Etiudowo - tak można by określić pierwszą część IV Dąbskich Wieczorów Filmowych, które w piątek i sobotę (30 i 31 lipca) gościły, dzięki staraniom pracowników klubu „Delta” na plaży miejskiej w Dąbiu.

W piątek o godzinie 20 plażowicze zażywali jeszcze kąpieli słonecznej, kiedy na scenę wszedł konferansjer i króciutkim wywodem filozoficznym dotyczącym stoicyzmu i nic-nierobienia wprowadził nastrój refleksji i zadumy.
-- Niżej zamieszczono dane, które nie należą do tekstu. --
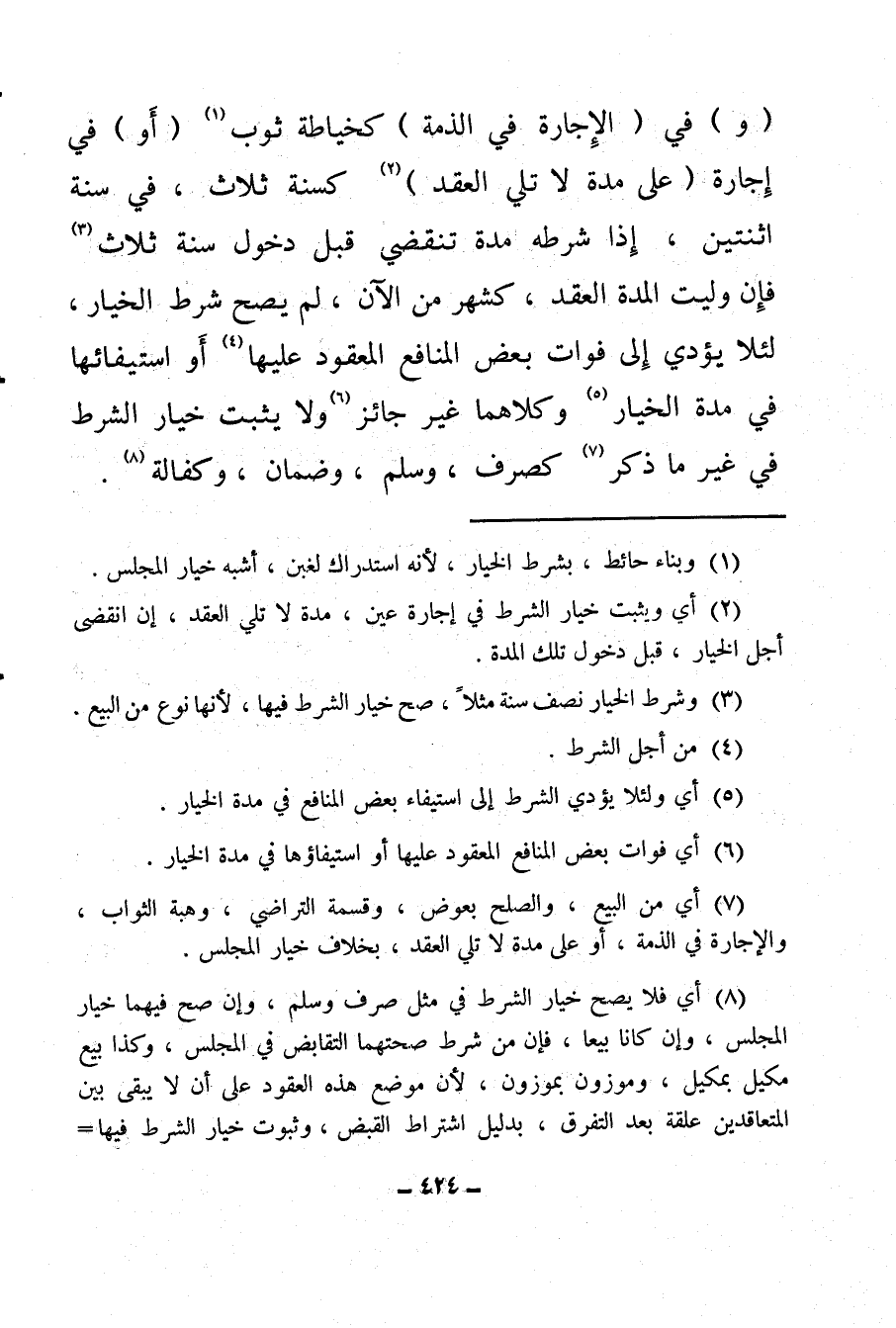 (¬8) أي فلا يصح خيار الشرط في مثل صرف وسلم، وإن صح فيهما خيار المجلس، وإن كانا بيعا فإن من شرط صحتهما التقابض في المجلس، وكذا بيع مكيل بمكيل، وموزون بموزون، لأن موضع هذه العقود على أن لا يبقى بين المتعاقدين علقة بعد التفرق، بدليل اشتراط القبض، وثبوت خيار الشرط فيها

W trakcie tej wypowiedzi na scenie zainstalował się zespół "Sklep z ptasimi piórami", który swoimi piosenkami zaczął nasączać wieczór poezją. Artyści zaśpiewali utwory ze swojej najnowszej płyty "Ulica Mendelsztama", jak również  starsze, "z czasów tak dawnych, że sarkofagi jeszcze żyły", jak sami żartowali. W międzyczasie widownia coraz gęściej zapełniała plażę, a niebo powlekało się coraz bardziej rozmarzonymi kolorami.

Nastrój zmienił się diametralnie, gdy po koncercie ogłoszono konkurs filmowy. Kiedy zostały przedstawione nagrody, które można było wygrać, w stronę sceny ruszył tłum. Niestety, przewidziano jedynie trzy nagrody, w związku z tym kilku niedoszłych uczestników konkursu, którym udało się wejść na scenę, musiało ją opuścić z niepocieszoną miną, mając nadzieję, że kolejnego dnia dopisze im więcej szczęścia. Konkurs filmowy obejmował kilka kategorii: filmy dla dzieci, kino polskie, kino zagraniczne, oraz seriale. Zadziwiające, ale wśród uczestników konkursu panował duch kooperacji, w miejsce typowego w takich chwilach ducha rywalizacji.

Po konkursie rozpoczął się blok etiudowy. Można było obejrzeć etiudy filmowe twórców o uznanej już renomie (Romana Polańskiego, Jana Jakuba Kolskiego, Ewy Stankiewicz), oraz dzieła debiutantów (Michała Jankowskiego i Karola Białasa). Szczególną uwagę zwróciła etiuda dokumentalna Karola Białasa pt. "Dzień, w którym pękło niebo", opowiadająca o przyjacielu Ryszarda Riedla, który od wielu lat żyje samotnie na samodzielnie zbudowanej barce. Wbrew pozorom etiuda nie jest pochwałą sielskiego życia w zgodzie z naturą, lecz opowieścią o winie, odkupieniu, odpowiedzialności i uzależnieniu. I choć w całej opowieści nie pada ani jedno słowo z ust głównego bohatera, w ciągu 12 minut możemy poznać problem tego człowieka i opowieść jego życia dogłębnie. Mistrzowska etiuda dotykająca spraw uniwersalnych.

O 23.30 nastąpiła projekcja filmu pełnometrażowego pt. "PiIksele" z roku 2009 będąca debiutem reżyserskim Jacka Lusińskiego. Komedia nakręcona w stylu znanym wielbicielom Guya Ritchie i niektórych filmów Tarantino, choć osadzona w polskich współczesnych realiach. Komedia...etiudowa. Młoda dziennikarka otrzymuje aparat telefoniczny, który ma jej ułatwić pracę polegającą na ściąganiu celebrytów i odkrywaniu, tudzież kreowaniu ich mrocznych tajemnic. W pewnej chwili aparat dostaje się w inne ręce, mężczyzny, który jeździ do lasu na grzyby, i ...zaczyna się kolejna etiuda, która oczywiście przechodzi w następną. Jak to w komedii - nie ma potrzeby kwestionować wiarygodności zdarzeń. Można jedynie przyglądać się temu, co niewiarygodne. I dobrze się bawić.

Ostatnim punktem programu były "Bajki na dobranoc", czyli prezentacja filmów animowanych z lat 60 i 70 o tematyce nader różnorodnej. Bajki należałoby potraktować z przymrużeniem oka, albowiem obok typowych dobranocek znalazły się opowieści dla dorosłych również. Po owym bloku na dobranoc widzowie rozeszli się do domów by smacznie śnić, a zapewne wielu powróciło na drugi magiczny wieczór – w sobotę.